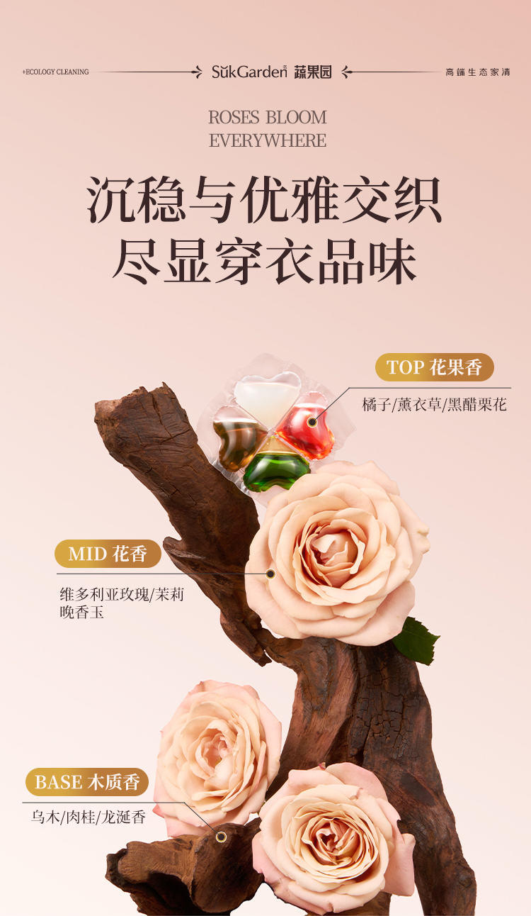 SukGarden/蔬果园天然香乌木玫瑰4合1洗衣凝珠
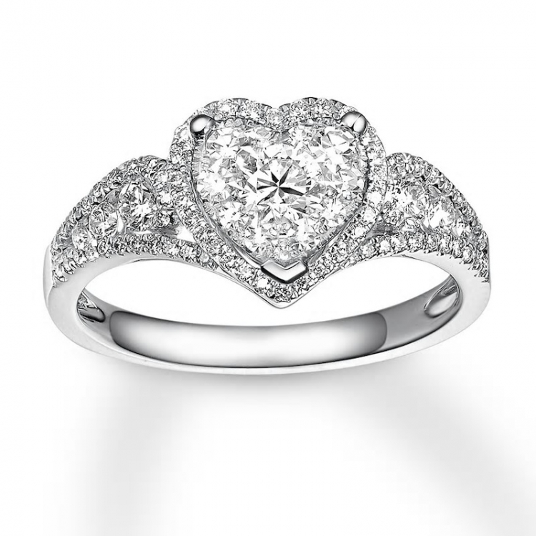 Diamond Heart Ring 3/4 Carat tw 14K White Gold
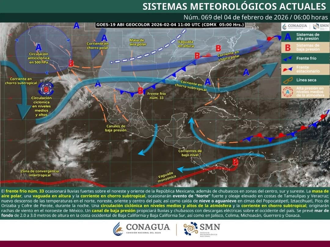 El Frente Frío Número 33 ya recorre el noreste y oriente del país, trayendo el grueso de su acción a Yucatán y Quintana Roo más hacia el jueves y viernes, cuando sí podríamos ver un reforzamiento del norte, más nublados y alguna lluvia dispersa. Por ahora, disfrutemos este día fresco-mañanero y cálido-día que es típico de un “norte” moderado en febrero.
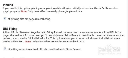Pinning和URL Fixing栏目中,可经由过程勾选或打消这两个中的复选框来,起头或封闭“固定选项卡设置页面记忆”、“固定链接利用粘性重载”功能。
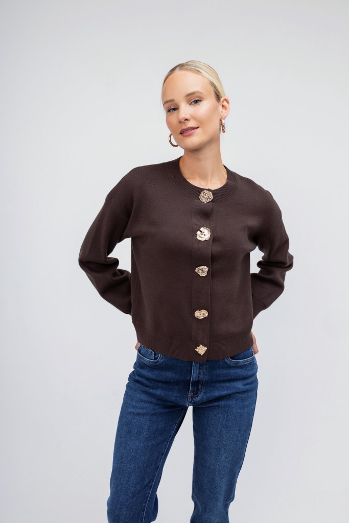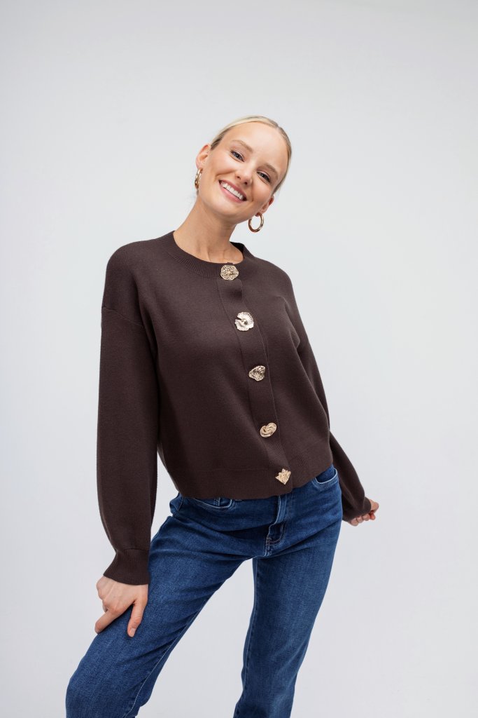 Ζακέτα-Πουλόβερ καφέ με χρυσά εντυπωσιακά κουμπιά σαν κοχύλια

━━━━

▶ **What you need to do**:
This task calls for restating, word for word, each line from the line holding "El Frente Frío" through the end of the material, pictures left out.

▶ **Your solution**:
 El Frente Frío Número 33 ya recorre el noreste y oriente del país, trayendo el grueso de su acción a Yucatán y Quintana Roo más hacia el jueves y viernes, cuando sí podríamos ver un reforzamiento del norte, más nublados y alguna lluvia dispersa. Por ahora, disfrutemos este día fresco-mañanero y cálido-día que es típico de un “norte” moderado en febrero.
Pinning和URL Fixing栏目中,可经由过程勾选或打消这两个中的复选框来,起头或封闭“固定选项卡设置页面记忆”、“固定链接利用粘性重载”功能。
 Ζακέτα-Πουλόβερ καφέ με χρυσά εντυπωσιακά κουμπιά σαν κοχύλια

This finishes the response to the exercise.